__WHAT YOU HAVE TO DO__
With the pictures left out, transcribe exactly the lines from the one with "MEA: Kh**** Iq**** | |" through the end of the data.
----
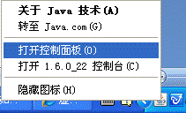 - 单击屏幕右下角Java 图标以打开 Java 控制面板。
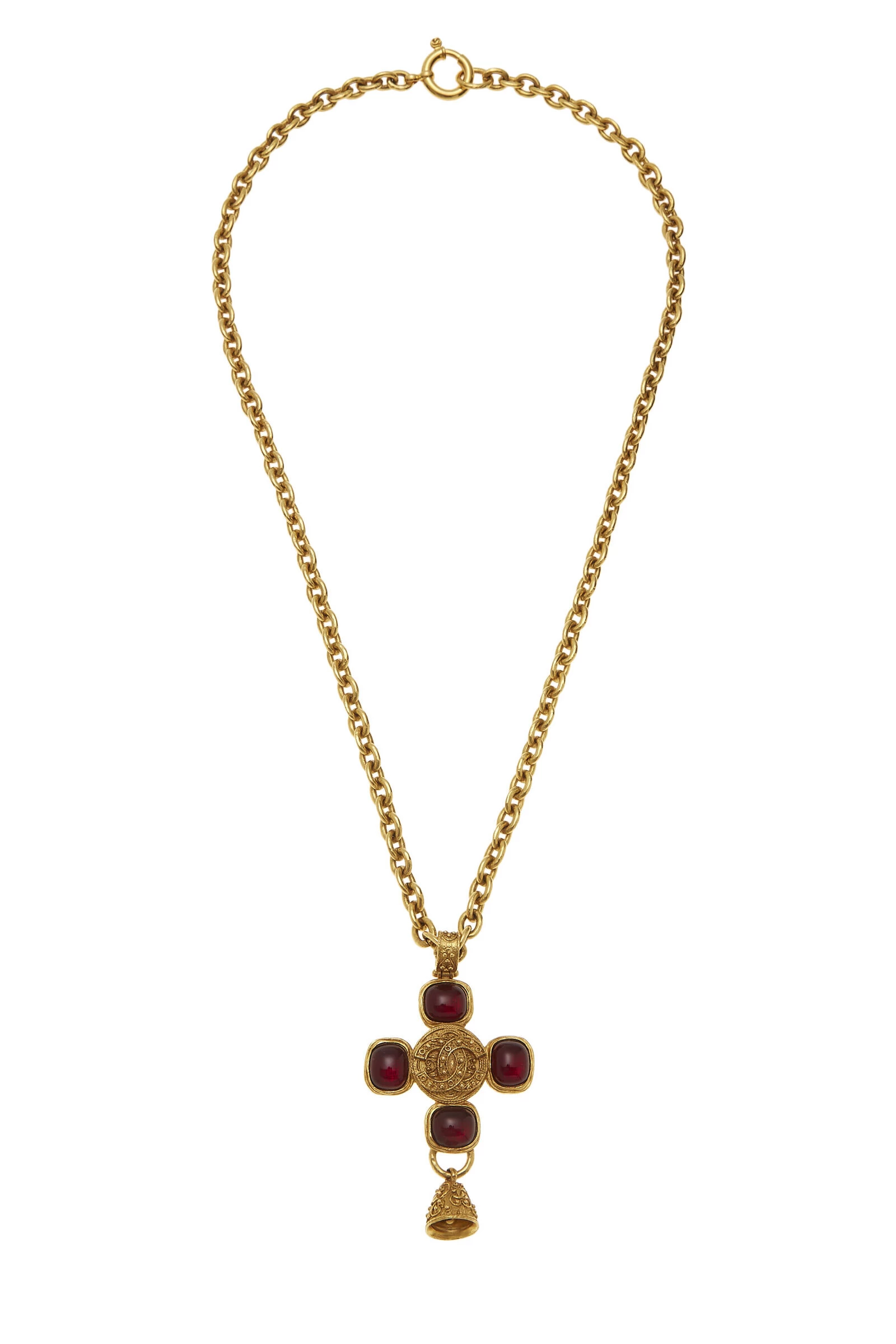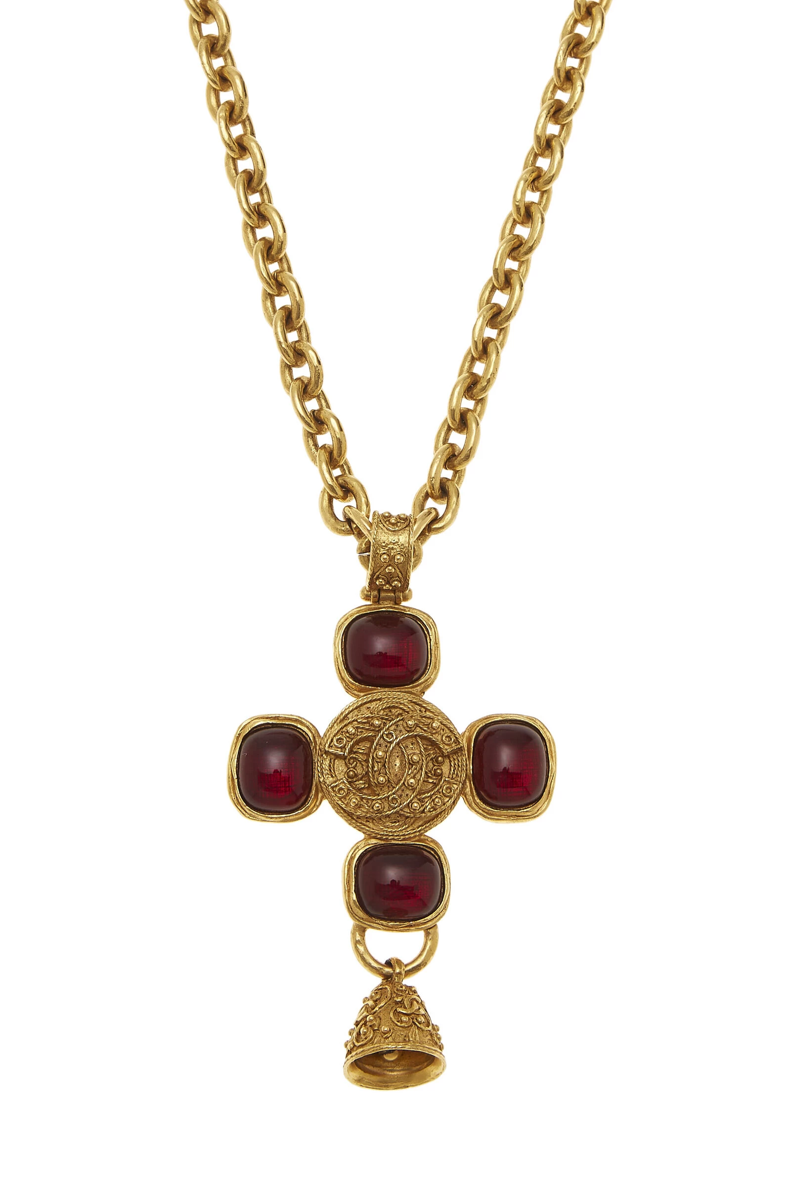 From Fall 1994, this Chanel gold-plated necklace featuring a rope chain engraved hardware, cross-shaped pendant and multiple red Gripoix charms with interlocking ‘CC’ logo at the center. Pendant measurements 4″X2.5″
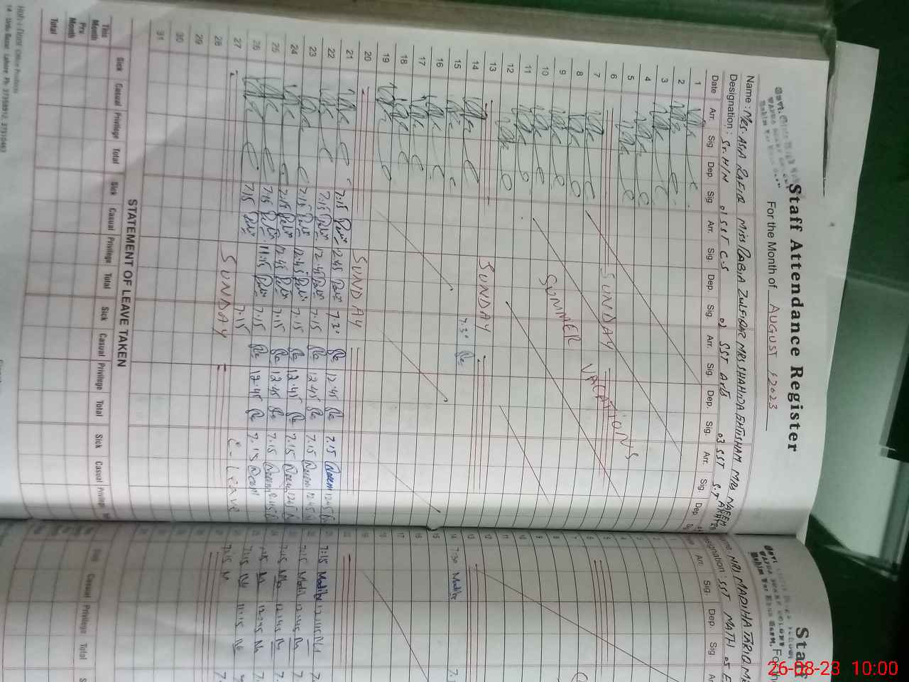 | Monitoring Date: 26-08-2023 | Start Time: 26-08-2023 09:28 AM | End Time: 26-08-2023 10:59 AM | Name of MEA: Kh**** Iq**** | |
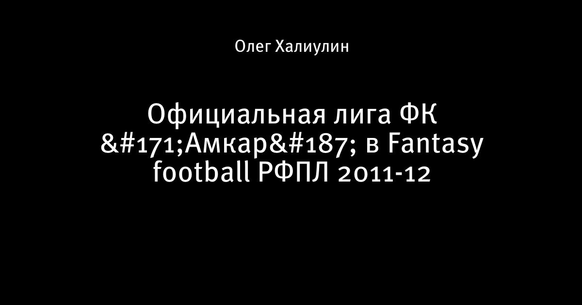 Официальная лига ФК «Амкар» в Fantasy football РФПЛ 2011-12
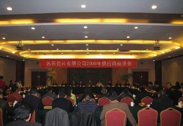 佛山市名石陶瓷有限公司为了答谢供应商在2008年对我公司的大力支持,2009年继续保持友好合作关系,对原材料的顺利采购,使生产正常有序的进行。2月12日上午10:00在公司总部招开了供应商座谈会,本次参会的供应方有:石英石、纳长石、五金设备类、包装纸箱类、色料等30多种类。近100位供应商。
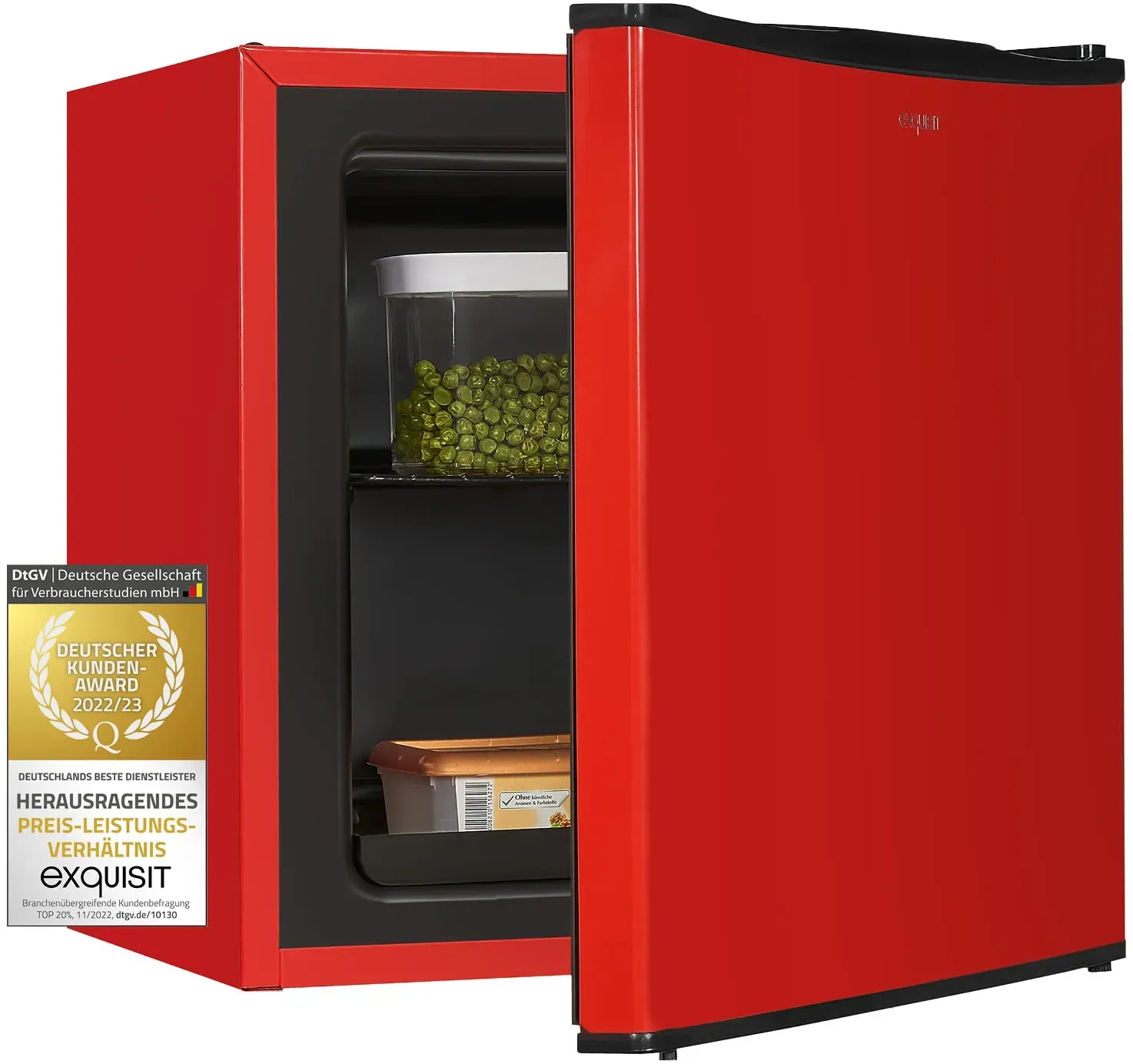 EEK: E - Kategorie: Gefrierschränke - CHiQ - GTIN:8592344703096 - Der kleine CHiQ-Kühlschrank bietet 31 Liter Fassungsvermögen und nimmt dabei nur wenig Platz in Anspruch (474*447*496 mm). Passt leicht auf eine Tischplatte, Schlafzimmer, Schlafsaal, Büro und so weiter. Beweglicher Drahtboden für eine effiziente Organisation des Inhalts und das Gittermuster verhindert, dass kleinere Gegenstände durchfallen. Die ideale Größe für die Aufbewahrung von Eiswürfeln und Tiefkühlkost. Features mit 5 Klasse Thermostat Kontrollen von Kühlschrank zu Gefrierschrank. Zertifizierte 4 Sterne Gefrieren Ihre fronzen Lebensmittel gut und stabil zu halten, 1 bis 5 Klasse ist zwischen -18 C und -24 C. Der flache Türgriff und die flache Rückseite machen ihn auch für Ecken und kleine Räume geeignet. Und mit den umkehrbaren Türen können Sie ihn nach links oder rechts ausrichten. Er erfüllt die E-Energy-zertifizierten Standards für niedrigen Energieverbrauch und ist außerdem leise(41db). - 109,99 Euro bei Amazon Marketplace CE - gefunden von billiger.de Der Exquisit Mini-Gefrierschrank in Rot mit 31L ist eine kompakte und farbenfrohe Option für kleine Mengen Gefriergut. ![]() ![]() Exquisit Mini-Gefrierschrank GB40-150E rot PV | Mini Gefrierschrank klein 31 L Volumen | 4 Sterne | Tiefkühlschrank klein & kompakt
----
__SOLUTION BELOW__
 | Monitoring Date: 26-08-2023 | Start Time: 26-08-2023 09:28 AM | End Time: 26-08-2023 10:59 AM | Name of MEA: Kh**** Iq**** | |
 Официальная лига ФК «Амкар» в Fantasy football РФПЛ 2011-12
 佛山市名石陶瓷有限公司为了答谢供应商在2008年对我公司的大力支持,2009年继续保持友好合作关系,对原材料的顺利采购,使生产正常有序的进行。2月12日上午10:00在公司总部招开了供应商座谈会,本次参会的供应方有:石英石、纳长石、五金设备类、包装纸箱类、色料等30多种类。近100位供应商。
 EEK: E - Kategorie: Gefrierschränke - CHiQ - GTIN:8592344703096 - Der kleine CHiQ-Kühlschrank bietet 31 Liter Fassungsvermögen und nimmt dabei nur wenig Platz in Anspruch (474*447*496 mm). Passt leicht auf eine Tischplatte, Schlafzimmer, Schlafsaal, Büro und so weiter. Beweglicher Drahtboden für eine effiziente Organisation des Inhalts und das Gittermuster verhindert, dass kleinere Gegenstände durchfallen. Die ideale Größe für die Aufbewahrung von Eiswürfeln und Tiefkühlkost. Features mit 5 Klasse Thermostat Kontrollen von Kühlschrank zu Gefrierschrank. Zertifizierte 4 Sterne Gefrieren Ihre fronzen Lebensmittel gut und stabil zu halten, 1 bis 5 Klasse ist zwischen -18 C und -24 C. Der flache Türgriff und die flache Rückseite machen ihn auch für Ecken und kleine Räume geeignet. Und mit den umkehrbaren Türen können Sie ihn nach links oder rechts ausrichten. Er erfüllt die E-Energy-zertifizierten Standards für niedrigen Energieverbrauch und ist außerdem leise(41db). - 109,99 Euro bei Amazon Marketplace CE - gefunden von billiger.de Der Exquisit Mini-Gefrierschrank in Rot mit 31L ist eine kompakte und farbenfrohe Option für kleine Mengen Gefriergut. ![]() ![]() Exquisit Mini-Gefrierschrank GB40-150E rot PV | Mini Gefrierschrank klein 31 L Volumen | 4 Sterne | Tiefkühlschrank klein & kompakt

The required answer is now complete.